You've perhaps heard of “the Japanese Short Rows method”, that only uses a slipped st at each turn. This technique only requires split markers (or safety pins, paper clips…) that you put on working yarn to mark the connecting loop. When you get back, you will lift it to resolve the gaps.

Another Japanese method uses YO and slipped st. It's the method Japanese knitters learn first as it's considered easier than "the Japanese Short Rows method". In brief, you make a YO at each turn, turn work and slip the first st of next row.

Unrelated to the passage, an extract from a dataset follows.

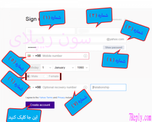 خوب برای ساخت ایمیل یاهو این صفحه را من شماره گذاری کردم برای شما شرح میدم.

The thing those two methods have in common is "slipped st" at turns, which results in one less row than W&T method.
Here's the difference expressed in chart:

W&TJapanese methods

Grey cells indicate what you do (wrap in W&T, yo and slipped st in Japanese methods) and will disappear from RS once you resolve short rows. What we can see with the charts is that the "slope" is smoother with Japanese methods.

With a real yarn, you get this result:
Malabrigo, Silky Merino: London Sky!

On this picture, the sts just below short rows are marked with pins: from left to right, Japanese method with yo (method 2), "the" Japanese method (method 1) and W&T. And the row where short rows' gap is resolved is in darker blue. We can see that there are 3 rows between pinned row and dark row with W&T and only 2 rows with Japanese methods.

Then, Japanese methods are superior to W&T? The answer is yes and no.
Yes because the result is neater as I've demonstrated so far. And No because of the "handiness" of W&T: with the method 1, you need split markers or any other similar tool in your hands whereas you just need your needles and working yarn with W&T. As for the method 2, when resolving short rows, you simply knit the YO and the next st together on RS, but on WS, you have to reverse the YO and the next stitch before purling them together – yes, I'm slacker.